*** RECORDS TO PROCESS Section Begins ***

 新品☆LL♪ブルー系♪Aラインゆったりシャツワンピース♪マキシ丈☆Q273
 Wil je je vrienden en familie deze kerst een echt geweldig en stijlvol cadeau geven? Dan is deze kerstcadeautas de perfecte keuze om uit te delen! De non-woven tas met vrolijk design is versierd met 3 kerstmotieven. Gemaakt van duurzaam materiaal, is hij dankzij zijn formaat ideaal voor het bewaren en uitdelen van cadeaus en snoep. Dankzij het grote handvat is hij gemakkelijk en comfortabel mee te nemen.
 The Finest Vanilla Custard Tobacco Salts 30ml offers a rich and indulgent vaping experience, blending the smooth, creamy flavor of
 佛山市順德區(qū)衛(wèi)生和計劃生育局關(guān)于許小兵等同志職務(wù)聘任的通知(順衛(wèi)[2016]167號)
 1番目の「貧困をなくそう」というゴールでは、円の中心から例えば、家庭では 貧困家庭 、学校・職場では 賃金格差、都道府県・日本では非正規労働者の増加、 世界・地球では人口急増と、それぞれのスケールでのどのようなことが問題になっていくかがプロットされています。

*** RECORDS TO PROCESS Section Ends ***
*** RECORDS TO PROCESS Section Begins ***

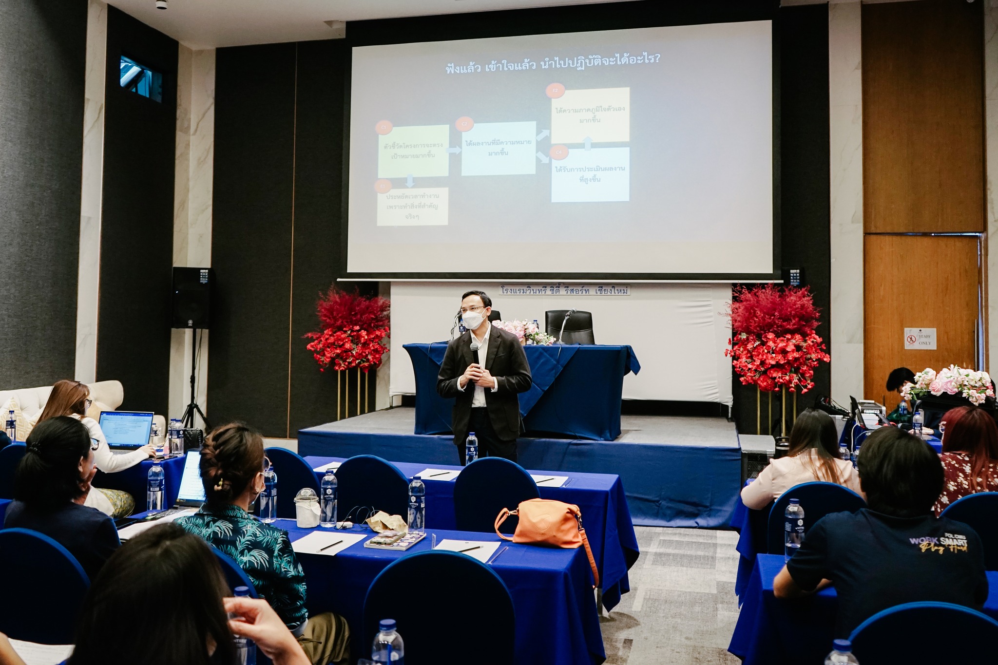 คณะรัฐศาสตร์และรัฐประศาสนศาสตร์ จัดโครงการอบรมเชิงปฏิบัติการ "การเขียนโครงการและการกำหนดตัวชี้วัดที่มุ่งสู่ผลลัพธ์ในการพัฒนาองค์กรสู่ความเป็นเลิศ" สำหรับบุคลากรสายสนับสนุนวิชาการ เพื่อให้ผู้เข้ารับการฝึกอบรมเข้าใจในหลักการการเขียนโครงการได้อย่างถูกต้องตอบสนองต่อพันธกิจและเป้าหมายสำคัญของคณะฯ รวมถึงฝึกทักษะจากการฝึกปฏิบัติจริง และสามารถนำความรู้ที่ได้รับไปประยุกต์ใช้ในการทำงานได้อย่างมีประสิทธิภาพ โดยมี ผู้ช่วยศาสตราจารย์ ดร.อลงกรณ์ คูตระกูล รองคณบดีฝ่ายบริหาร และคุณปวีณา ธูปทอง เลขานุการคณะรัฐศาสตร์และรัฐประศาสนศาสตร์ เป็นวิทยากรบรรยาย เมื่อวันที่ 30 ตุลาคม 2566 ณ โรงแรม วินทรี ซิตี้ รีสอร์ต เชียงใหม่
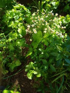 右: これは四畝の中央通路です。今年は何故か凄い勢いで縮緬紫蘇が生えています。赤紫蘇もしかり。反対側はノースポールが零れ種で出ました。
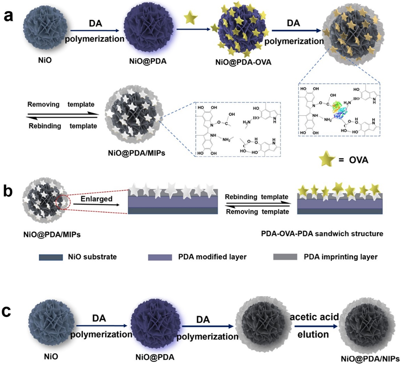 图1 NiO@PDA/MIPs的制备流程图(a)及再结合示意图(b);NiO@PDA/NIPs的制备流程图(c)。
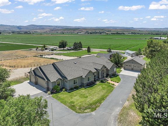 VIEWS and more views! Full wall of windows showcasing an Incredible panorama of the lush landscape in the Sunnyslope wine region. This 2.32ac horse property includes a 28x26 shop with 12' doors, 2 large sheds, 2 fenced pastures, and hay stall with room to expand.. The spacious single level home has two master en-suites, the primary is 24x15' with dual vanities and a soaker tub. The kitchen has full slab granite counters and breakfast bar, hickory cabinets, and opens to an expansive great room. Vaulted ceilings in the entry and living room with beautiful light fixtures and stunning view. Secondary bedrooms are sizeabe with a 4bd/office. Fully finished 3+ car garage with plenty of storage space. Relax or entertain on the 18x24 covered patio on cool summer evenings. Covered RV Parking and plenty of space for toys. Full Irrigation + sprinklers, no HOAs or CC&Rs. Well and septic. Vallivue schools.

*** RECORDS TO PROCESS Section Ends ***
*** RECORDS TO PROCESS Section Begins ***

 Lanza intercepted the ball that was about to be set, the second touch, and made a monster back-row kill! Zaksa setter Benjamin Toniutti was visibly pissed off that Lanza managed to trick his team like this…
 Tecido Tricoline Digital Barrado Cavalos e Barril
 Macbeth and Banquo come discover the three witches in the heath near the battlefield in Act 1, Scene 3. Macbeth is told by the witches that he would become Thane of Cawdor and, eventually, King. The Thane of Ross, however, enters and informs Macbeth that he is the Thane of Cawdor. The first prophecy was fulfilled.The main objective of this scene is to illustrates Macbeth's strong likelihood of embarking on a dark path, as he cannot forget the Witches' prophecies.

*** RECORDS TO PROCESS Section Ends ***

> WORK TO BE COMPLETED
Among the records above, a stretch begins at the line containing "Tecido Tricoline Digital" and ends at the line containing "Macbeth and Banquo". Restate that stretch word for word, and nothing else.

> SOLUTION FOR THIS EXERCISE
 Tecido Tricoline Digital Barrado Cavalos e Barril
 Macbeth and Banquo come discover the three witches in the heath near the battlefield in Act 1, Scene 3. Macbeth is told by the witches that he would become Thane of Cawdor and, eventually, King. The Thane of Ross, however, enters and informs Macbeth that he is the Thane of Cawdor. The first prophecy was fulfilled.The main objective of this scene is to illustrates Macbeth's strong likelihood of embarking on a dark path, as he cannot forget the Witches' prophecies.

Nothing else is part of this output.